How to choose KPIs that matter
A KPI (Key Performance Indicator) is a number that tells you whether you are winning. The trap most teams fall into is tracking what is easy to measure instead of what actually drives the outcome. Good KPIs share four traits:
- Measurable — there is a clear formula to calculate it.
- Outcome-based — it reflects a result, not just activity.
- Reviewed on a cadence — weekly, monthly, or quarterly.
- Owned — someone is accountable for moving it.
Frequently asked questions
- What is a KPI?
- A KPI (Key Performance Indicator) is a measurable value that shows how well a team or company is progressing toward a specific goal. Unlike a task, a KPI is a number you track over time — like conversion rate, churn, or revenue per employee.

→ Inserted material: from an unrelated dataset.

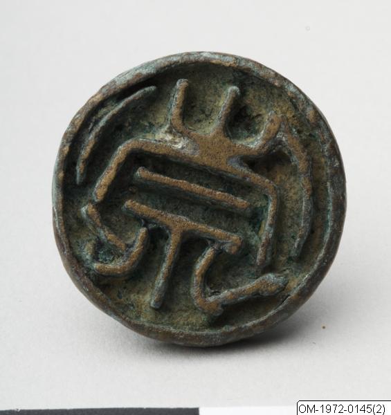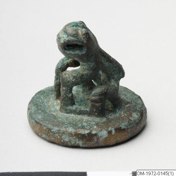 - Runt bronssigill med handtag i form av ett djur
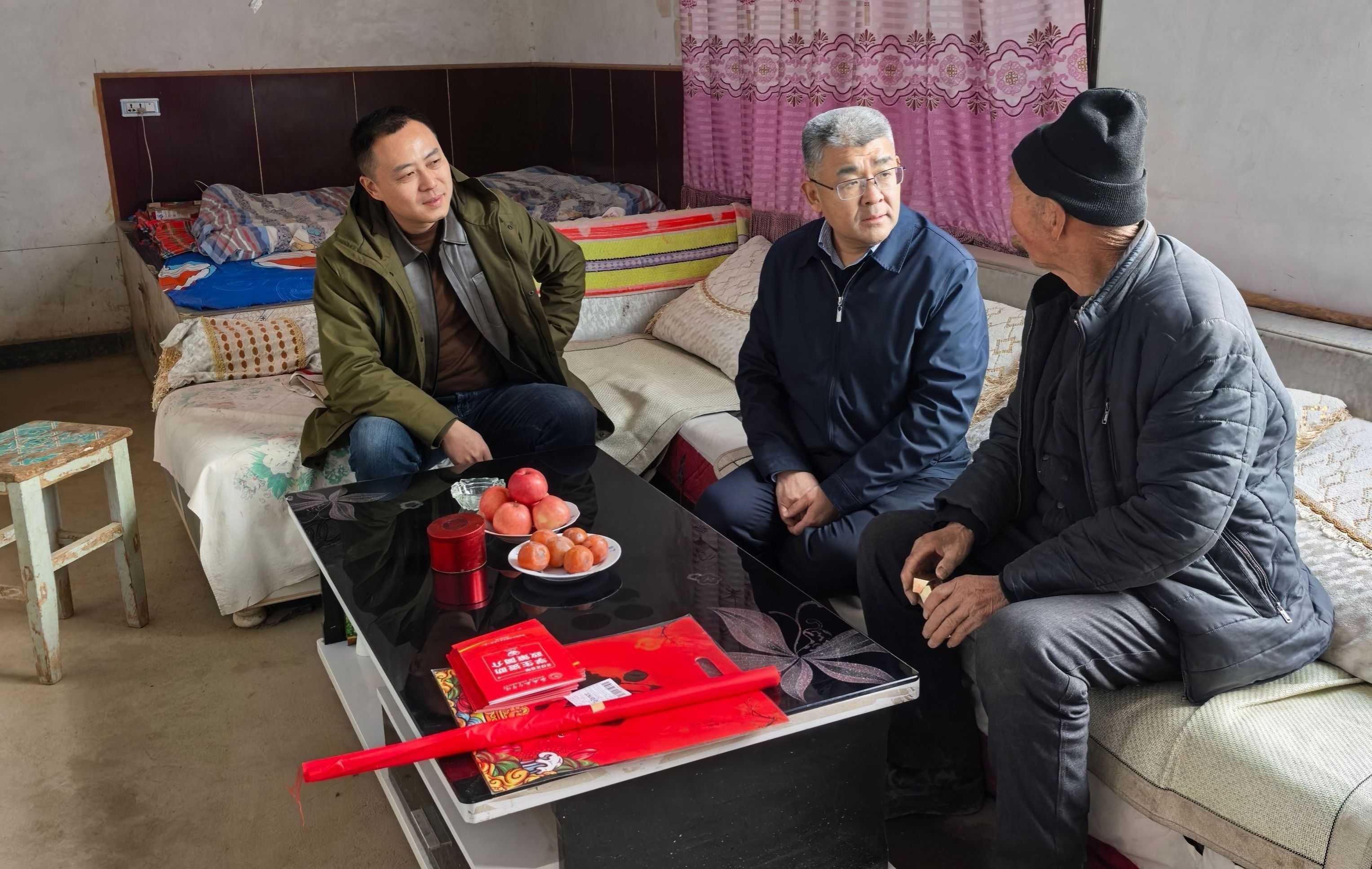 深入基层摸实情,资助育人润无声。此次走访慰问覆盖不同年级、不同专业、不同困难类型学生。每到一户,校领导都与学生及家长亲切交流,详细了解家庭经济来源、生活状况及实际困难,并送上慰问金、春联及米面粮油等爱心物资。在咸阳市淳化县某学生家中,祁玉龙关切询问学生职业发展规划,鼓励学生克服困难,将个人成长与国家发展紧密结合,在逐梦蓝天中实现自己的梦想。在西安市蓝田县某学生家中,蒲永平向家长反馈学生在校表现,强调学校将通过“国家资助+校内奖助+社会帮助”的多维保障机制,确保学生安心完成学业。

- How many KPIs should a team track?
- Most teams track 4–6 KPIs at once. Fewer and you miss important signals; more and no one can tell which numbers actually matter. This tool returns 5–6 by design.
- What makes a good KPI?
- A good KPI is measurable, tied to a real outcome (not just activity), reviewed on a regular cadence, and owned by someone. If you cannot calculate it or no one acts on it, it is not a KPI worth keeping.
- What is the difference between a KPI and an OKR?
- A KPI is an ongoing health metric you monitor continuously. An OKR (Objective and Key Result) is a time-boxed goal you are trying to move. KPIs tell you how the engine is running; OKRs tell you where you are steering it.